Reinforcement Learning Lecture

May 19, 2024

Reinforcement Learning - Lecture 14

Administrative Details

  • Midterm Grades: Released last night, see Piazza for details.
  • A2 and Milestone Grades: Scheduled for later this week.
  • Project Registration: All teams must register projects via a form on Piazza.
  • Tiny ImageNet Challenge: Evaluation servers are now online.
  • Course Survey: Available on Piazza, please provide feedback.

Reinforcement Learning Overview

  • Previous Topics:
    • Supervised Learning: Learning a function mapping from x (data) to y (labels).
    • Unsupervised Learning: Learning underlying structure from data without labels.
  • Today's Topic: Reinforcement Learning (RL)
    • Agent takes actions in an environment to maximize rewards.

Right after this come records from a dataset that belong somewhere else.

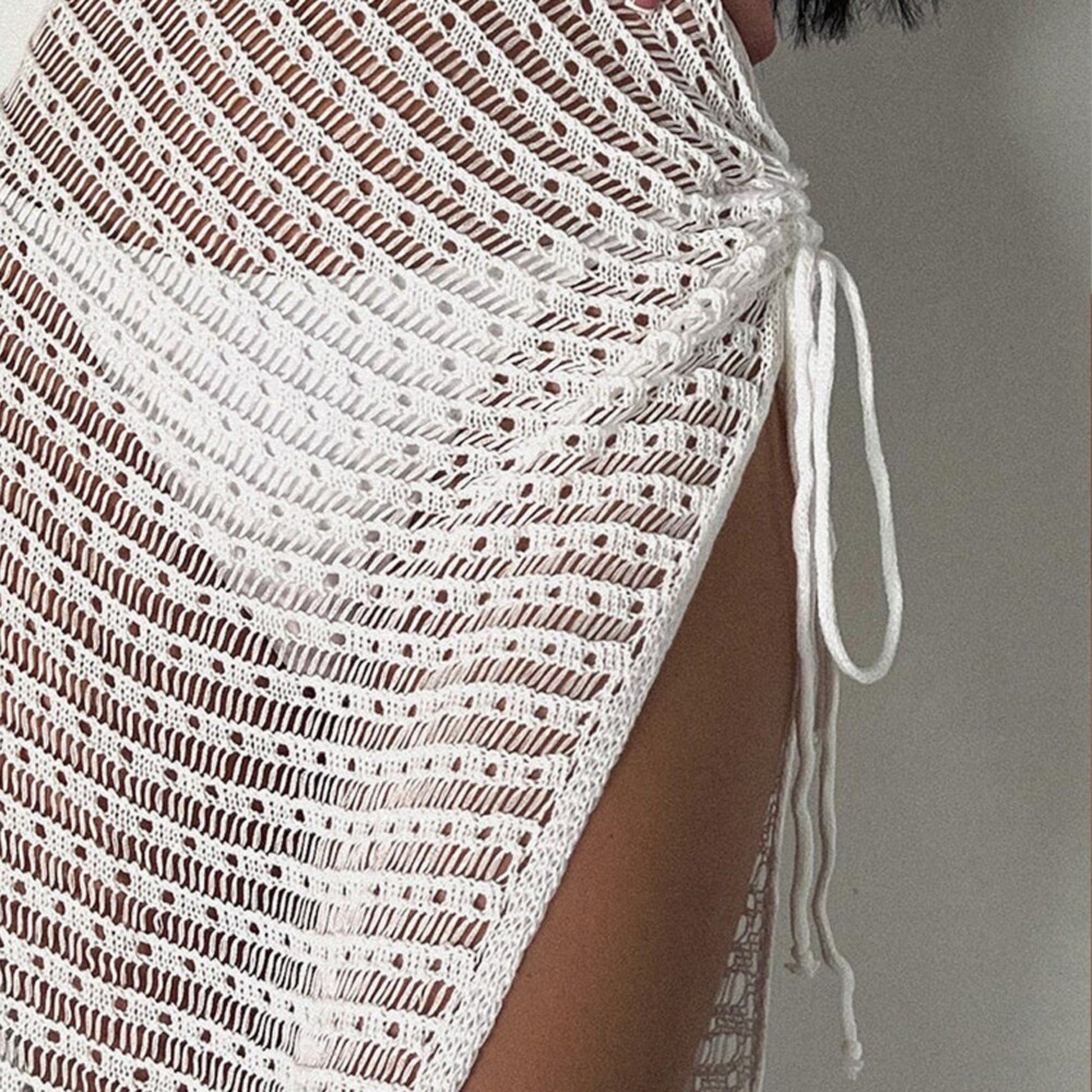 White Knitted One Shoulder Venus Cut Swimsuit Cover Up
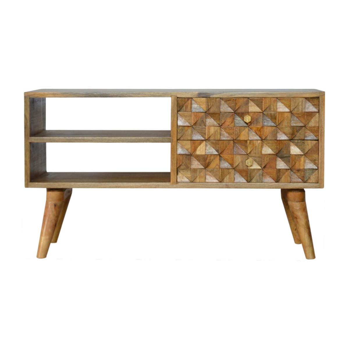 This stunning media unit adds a touch of modern elegance to any living space. Made from high-quality solid wood with a beautiful oak finish, this unit features a unique diamond-carved design on the drawer fronts, creating a visually striking and textured centerpiece for your entertainment area.
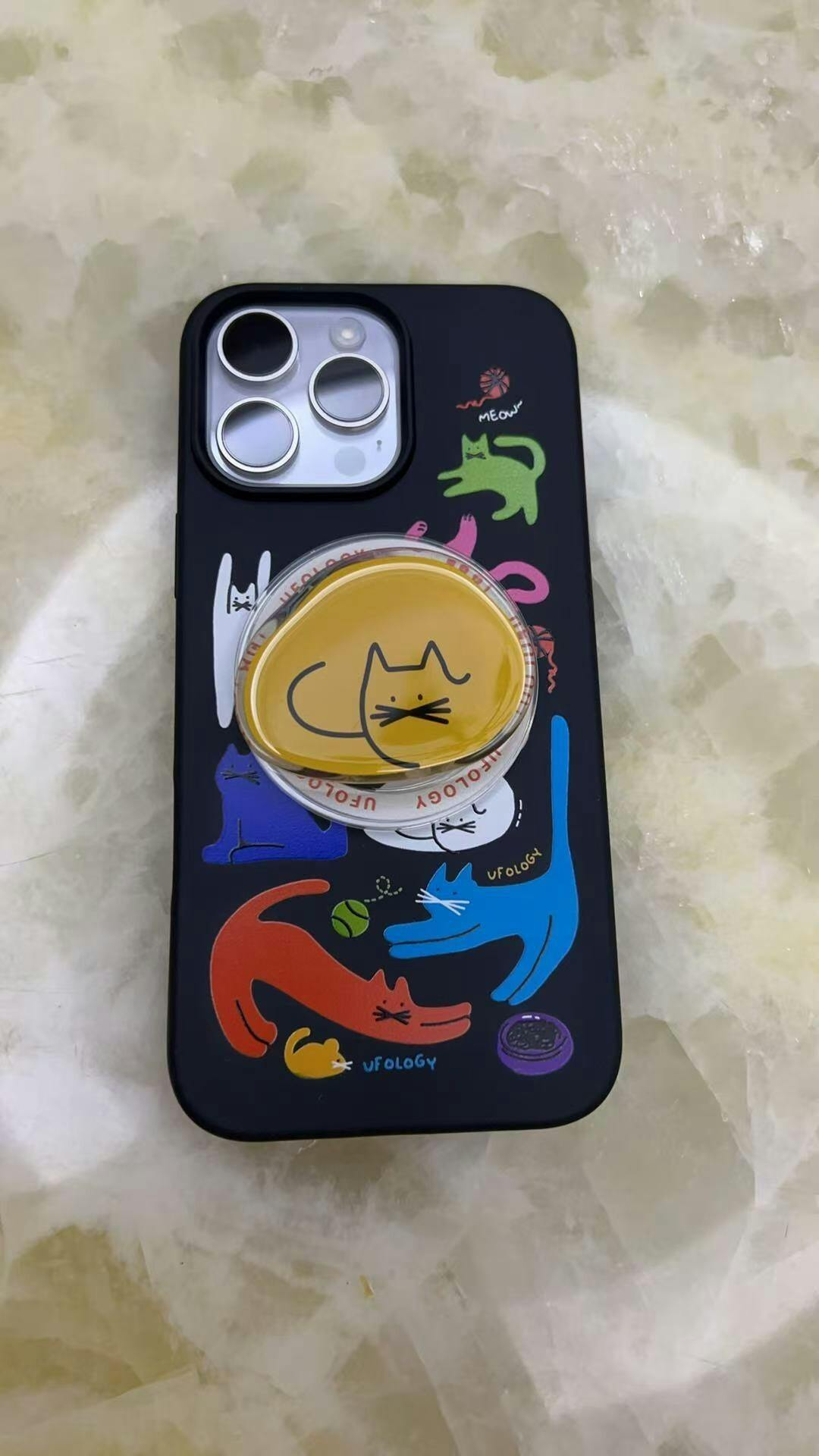 カラフル猫イラスト生分解性素材マグネット式スマホケース

Key Concepts in Reinforcement Learning

  • Agent and Environment:
    • Agent receives a state from the environment, takes an action, and receives a reward and the next state.
    • The loop continues until a terminal state is reached.
  • Episodes and Examples:
    • Cart-Pole Problem: Balance a pole on a movable cart.
    • Robot Locomotion: Making a robot move forward.
    • Atari Games: Maximizing the score in classic arcade games.
    • AlphaGo: Go game; agent aims to win against human players.

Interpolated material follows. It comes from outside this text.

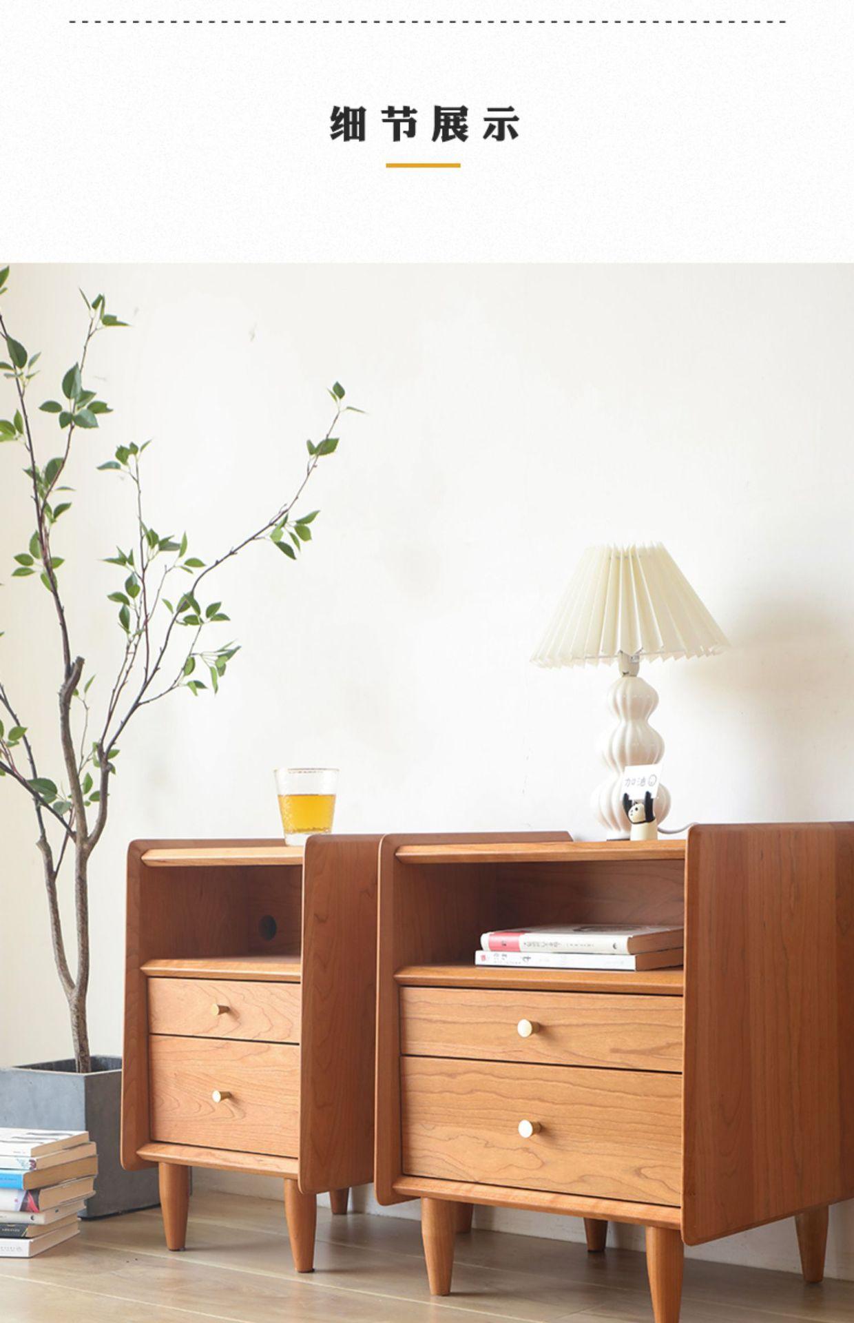 Mesa de cabeceira de madeira de cereja nórdica Venda por atacado madeira maciça moderna simples estilo japonês armário de cabeceira de madeira branco carvalho armário de armazenamento

Formalizing the RL Problem: Markov Decision Processes (MDP)

  • MDP Components: State set S, action set A, reward function R, transition probability P, discount factor γ.
  • MDP Process:
    1. Initialize state from distribution P(s_0).
    2. Agent takes actions.
    3. Transition to next state and get reward.
    4. Episode ends on terminal state.
  • Policy π: Function mapping states to actions; can be deterministic or stochastic.
  • Bellman Equation: Defining the value of state-action pairs to find optimal policy.
  • Value function (V): Expected cumulative reward from state s.
  • Q-value function (Q): Expected cumulative reward from state-action pair (s,a).

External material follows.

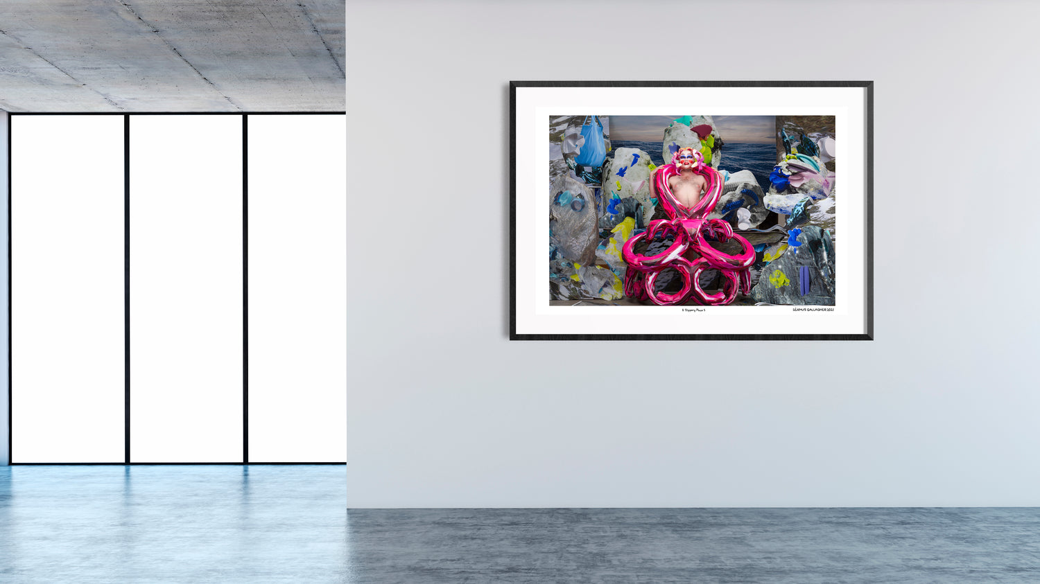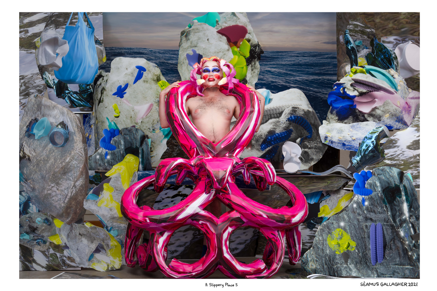 Inspired equally by drag culture and video game aesthetics, “A Slippery Place” touches on themes of identity, embodiment, and fantasy. Through a process of converting digital 3D renderings into paper models, the artist has constructed drag-influenced costumes, wigs, and masks that they wear for this series of self-portraits. By staging these photographs within sets created from images of video game environments, Gallagher is interested in the queering of virtual spaces and blurring the binary of the digital and the physical.
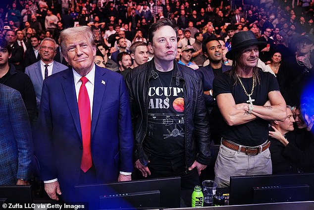 President-elect Donald Trump took Elon Musk to Madison Square Garden on Saturday for a UFC fight. They are seen here with Kid Rock (right)

Solving for Optimal Policy

  • Q-Learning and Deep Q-Learning:
    • Value Iteration: Iterate to refine approximation of Q* using Bellman equation.
    • Deep Q-Learning: Use neural networks to approximate Q-value function.
    • Loss Function: Minimize error of Bellman equation.
    • Experience Replay: Storing state-action-reward-next state transitions in replay memory.

Case Study: Deep Q-Learning for Atari Games

  • Environment Setup: State is raw game pixels; actions are game controls; rewards are game scores.
  • Network Architecture: Convolutional layers with final fully-connected layer outputting Q-values for each action.
  • Training: Using loss function and gradient updates to enforce Bellman equation.
  • Experience Replay: Sampling random mini-batches from replay memory to break correlation among samples.
  • Algorithm: Combine exploration with greedy policy and update Q-network with experience replay.

Challenges with Q-Learning

  • State-Action Space Complexity: Hard to compute Q-values for large state-action spaces like robot control problems.
  • Function Approximation for Q: Use deep networks but computationally expensive.
  • Example: Google DeepMind's DQN on Atari games showing learned agent behavior.

Policy Gradients

  • Objective: Directly maximizing expected cumulative reward by adjusting policy parameters (θ).
  • REINFORCE Algorithm: Gradient ascent on policy using sampled trajectories.
  • Variance Reduction Techniques:
    • Using future rewards instead of the total reward.
    • Discount factor to weight near-future rewards higher.
    • Baseline functions to normalize rewards.
  • Actor-Critic Methods: Combining policy gradients with Q-learning to optimize both actor (policy) and critic (value function).

Applications: Recurrent Attention Model and AlphaGo

  • Recurrent Attention Model:
    • Focus on parts of an image for tasks like image classification or captioning.
    • Using an RNN to model the state and determine where to look next.
  • AlphaGo:
    • Combining supervised learning, reinforcement learning, and Monte Carlo Tree Search.
    • Policy network initialized from expert moves, updated with policy gradients through self-play.
  • Outcome: AlphaGo defeated top human Go players using RL techniques.

Summary

  • Policy Gradients: General but high variance, require more samples.
  • Q-Learning: Sample efficient but harder to apply, computationally intensive.
  • Key Guarantees:
    • Policy gradients converge to a local minimum.
    • No guarantees for Q-learning due to function approximator complexity.

Next Lecture: Guest lecture by Song Han on model compression and energy-efficient deep learning.